[Data extracted from a collection]
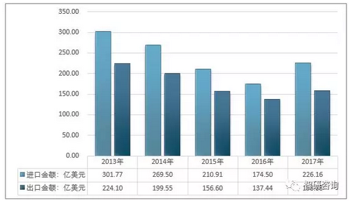 2017年全球廢銅(HS:7404)進口總額為226.16億美元,較2016年增長29.60%;出口總額為158.88億美元,較2016年增長15.60%。
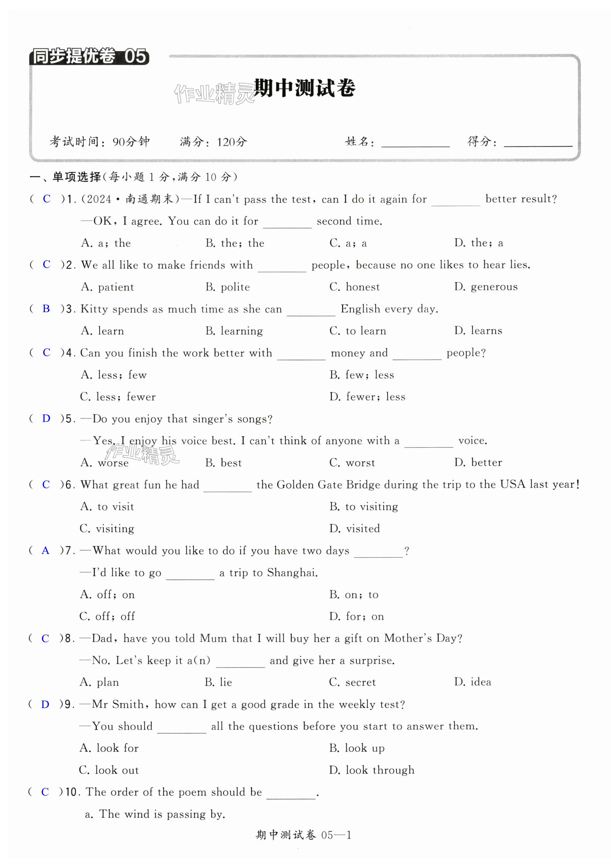 注:目前有些书本章节名称可能整理的还不是很完善,但都是按照顺序排列的,请同学们按照顺序仔细查找。练习册 2024年学霸提优大试卷八年级英语上册译林版 答案主要是用来给同学们做完题方便对答案用的,请勿直接抄袭。
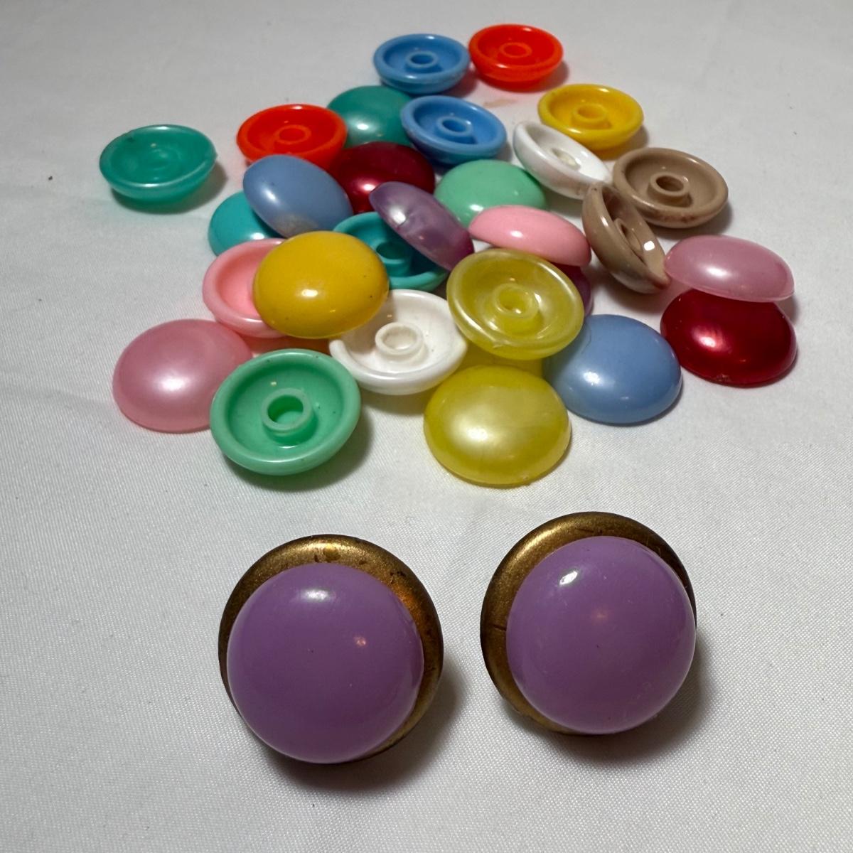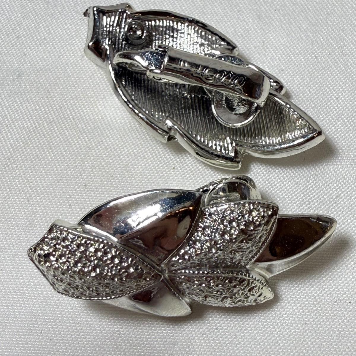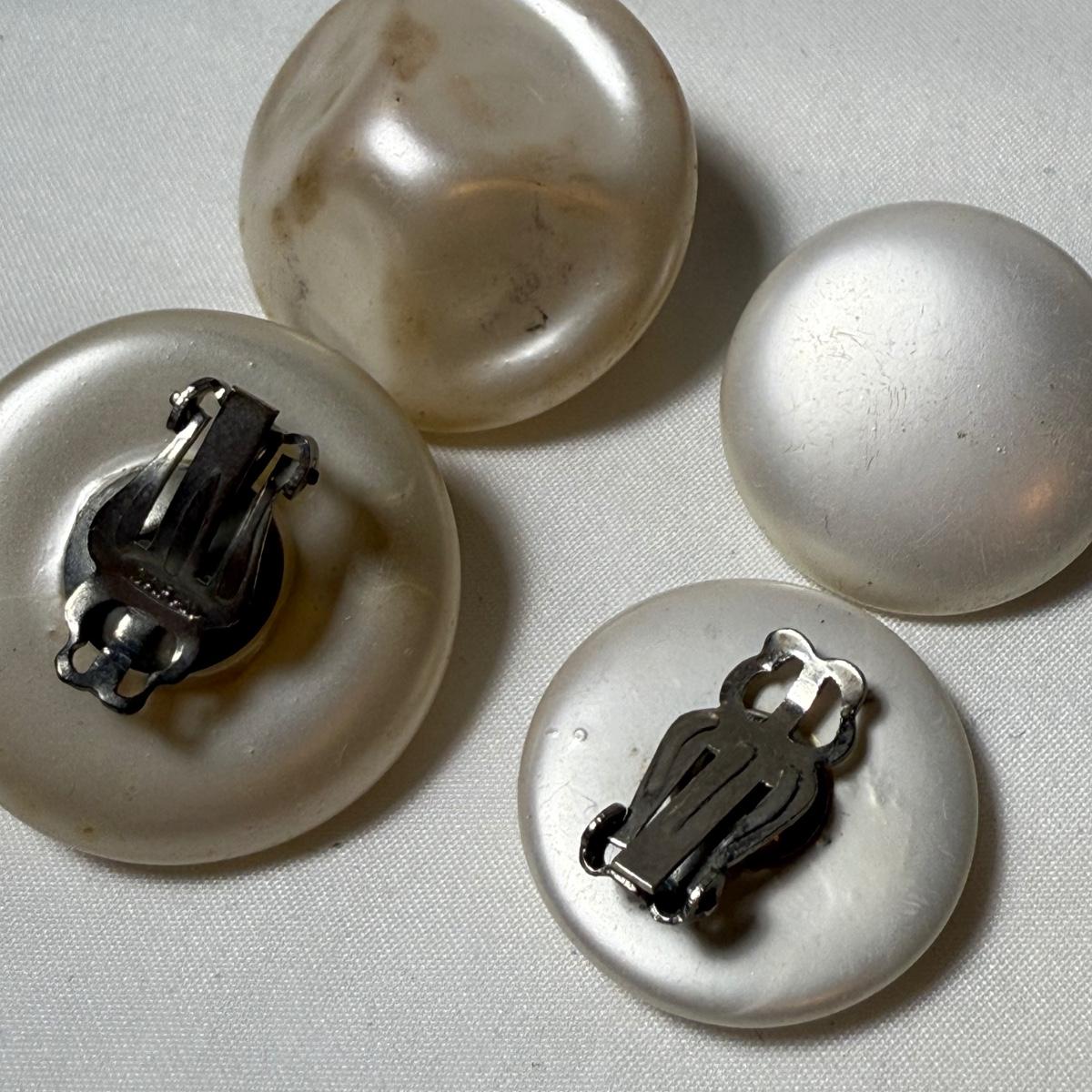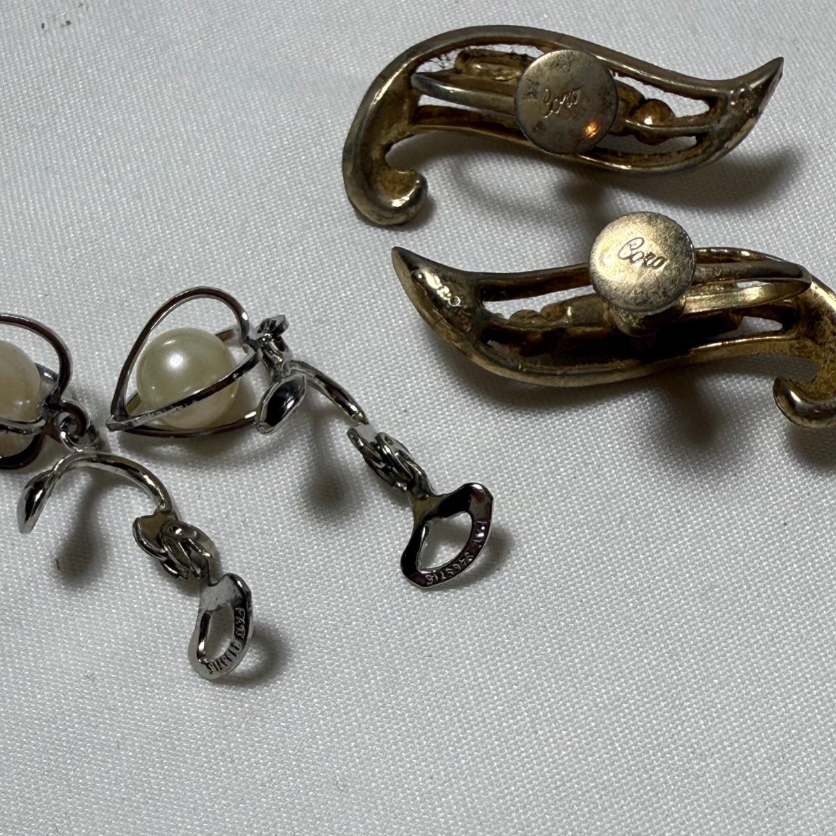 50+ pairs of earrings for non-pierced ears, with clip-on style of screw backs. There is a big variety of shapes, colors, and sizes. One pair comes with many colors of changeable discs. All earrings were checked for hallmarks, all found marks were photographed. The largest earrings are the pair with multiple green flowers with clear gemstones; these are approximately 1.75“D. 13.5” x 9.25” plastic organizing tray is included as well.
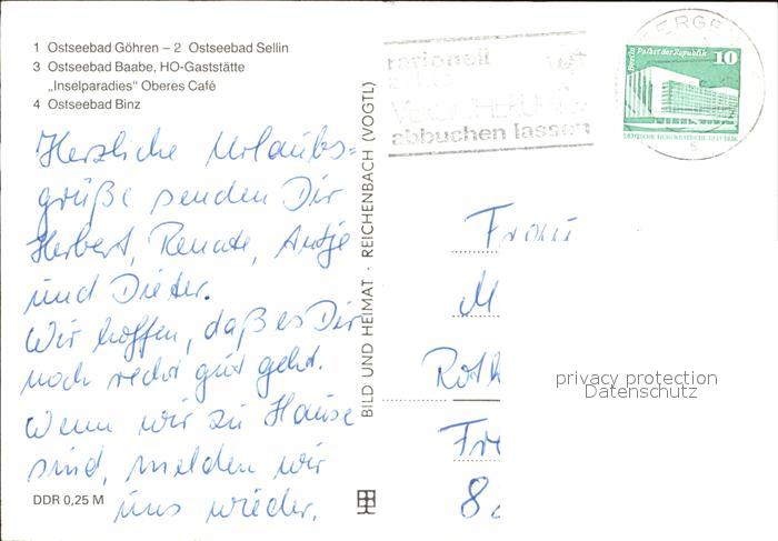 72407964 alte Postkarte Goehren Ruegen Konzertpavillon Sellin Strand Baabe HO Gaststaette Inselparadies Cafe Binz postalisch gelaufen Erhaltung siehe scans KatCode: 11110013061014
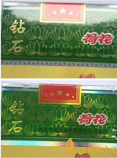 假煙正面的“鉆石”兩字的燙金呈豎條紋狀,“荷花”兩字的邊緣為光滑的白色印刷。
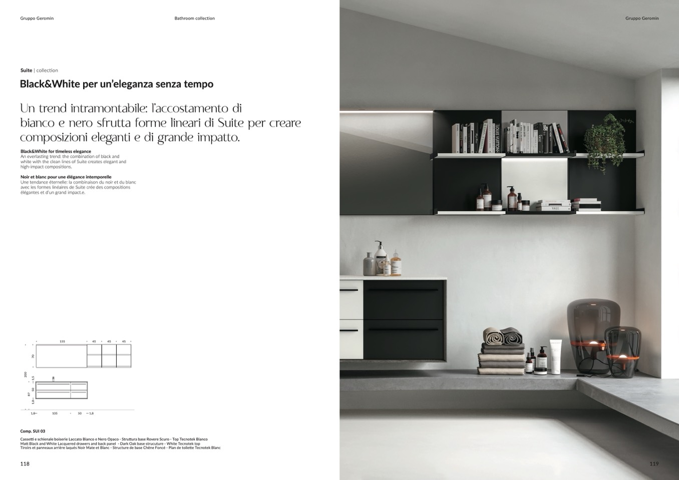 Tiroirs et panneaux arrière laqués Noir Mate et Blanc - Structure de base Chêne Foncé - Plan de toilette Tecnotek Blanc
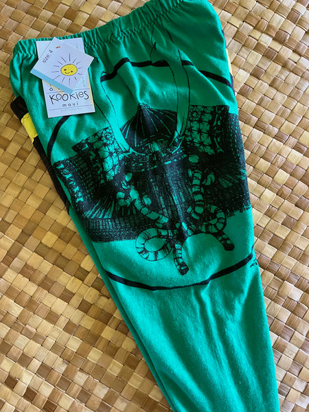Kids Size 4 "Green & Black Samurai" ʻOpihi Picker Pants
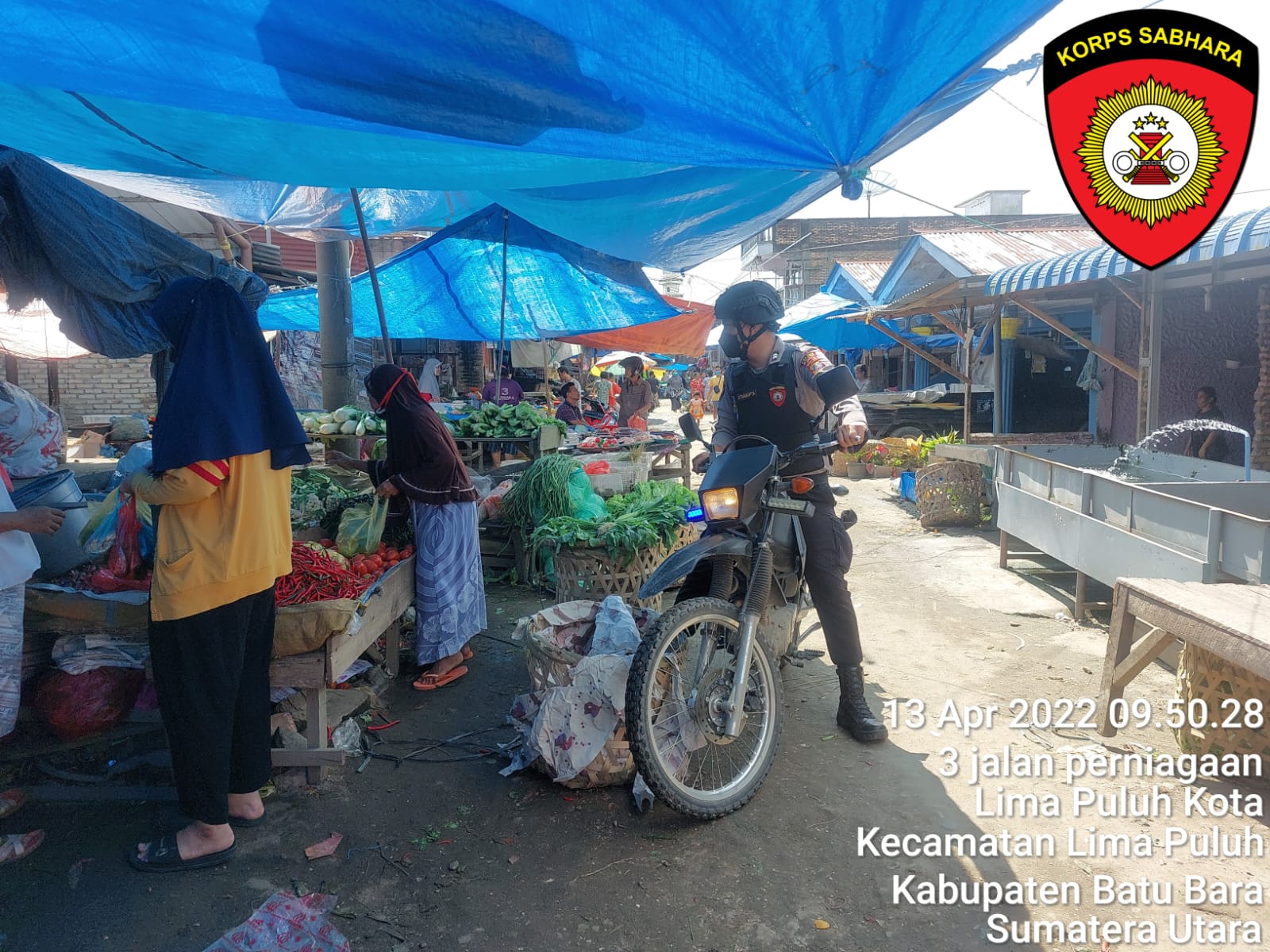 Antisipasi tindak kriminalitas sekaligus pencegahan penyebaran Covid-19, Personil Patroli sat Samapta Polres Batu Bara melaksanakan giat patroli dialogis serta menyampaikan edukasi prokes di pasar Tradisional Lima Puluh, Kecamatan Lima Puluh Kabupaten Batu Bara. Rabu, (13/04/2022).

> [Your task]: Make an exact copy of the data above, pictures excluded.

> [Task output]:
 2017年全球廢銅(HS:7404)進口總額為226.16億美元,較2016年增長29.60%;出口總額為158.88億美元,較2016年增長15.60%。
 注:目前有些书本章节名称可能整理的还不是很完善,但都是按照顺序排列的,请同学们按照顺序仔细查找。练习册 2024年学霸提优大试卷八年级英语上册译林版 答案主要是用来给同学们做完题方便对答案用的,请勿直接抄袭。
 50+ pairs of earrings for non-pierced ears, with clip-on style of screw backs. There is a big variety of shapes, colors, and sizes. One pair comes with many colors of changeable discs. All earrings were checked for hallmarks, all found marks were photographed. The largest earrings are the pair with multiple green flowers with clear gemstones; these are approximately 1.75“D. 13.5” x 9.25” plastic organizing tray is included as well.
 72407964 alte Postkarte Goehren Ruegen Konzertpavillon Sellin Strand Baabe HO Gaststaette Inselparadies Cafe Binz postalisch gelaufen Erhaltung siehe scans KatCode: 11110013061014
 假煙正面的“鉆石”兩字的燙金呈豎條紋狀,“荷花”兩字的邊緣為光滑的白色印刷。
 Tiroirs et panneaux arrière laqués Noir Mate et Blanc - Structure de base Chêne Foncé - Plan de toilette Tecnotek Blanc
Kids Size 4 "Green & Black Samurai" ʻOpihi Picker Pants
 Antisipasi tindak kriminalitas sekaligus pencegahan penyebaran Covid-19, Personil Patroli sat Samapta Polres Batu Bara melaksanakan giat patroli dialogis serta menyampaikan edukasi prokes di pasar Tradisional Lima Puluh, Kecamatan Lima Puluh Kabupaten Batu Bara. Rabu, (13/04/2022).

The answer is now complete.